[WORK REQUIRED]:
Below are some records. Return exactly the lines from the one with "外观设计与普通版车型没有明显" to the one with "Rótulo de la", and nothing else.
━━━━━ ENTRIES SUPPLIED
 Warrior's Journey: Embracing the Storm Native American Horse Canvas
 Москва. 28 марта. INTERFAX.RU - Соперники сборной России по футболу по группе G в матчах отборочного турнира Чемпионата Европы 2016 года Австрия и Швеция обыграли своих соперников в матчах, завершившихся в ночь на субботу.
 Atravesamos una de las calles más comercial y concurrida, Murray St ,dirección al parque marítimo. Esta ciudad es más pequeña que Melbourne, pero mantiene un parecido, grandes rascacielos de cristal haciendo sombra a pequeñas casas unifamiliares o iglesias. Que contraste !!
━━━━━━━━━━
━━━━━ ENTRIES SUPPLIED
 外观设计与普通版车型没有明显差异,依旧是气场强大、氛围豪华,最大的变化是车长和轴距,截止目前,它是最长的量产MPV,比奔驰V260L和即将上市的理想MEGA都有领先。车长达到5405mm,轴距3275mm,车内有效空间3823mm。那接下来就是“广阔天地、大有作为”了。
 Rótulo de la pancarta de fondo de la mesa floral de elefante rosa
━━━━━━━━━━
[EXERCISE RESPONSE]:
 外观设计与普通版车型没有明显差异,依旧是气场强大、氛围豪华,最大的变化是车长和轴距,截止目前,它是最长的量产MPV,比奔驰V260L和即将上市的理想MEGA都有领先。车长达到5405mm,轴距3275mm,车内有效空间3823mm。那接下来就是“广阔天地、大有作为”了。
 Rótulo de la pancarta de fondo de la mesa floral de elefante rosa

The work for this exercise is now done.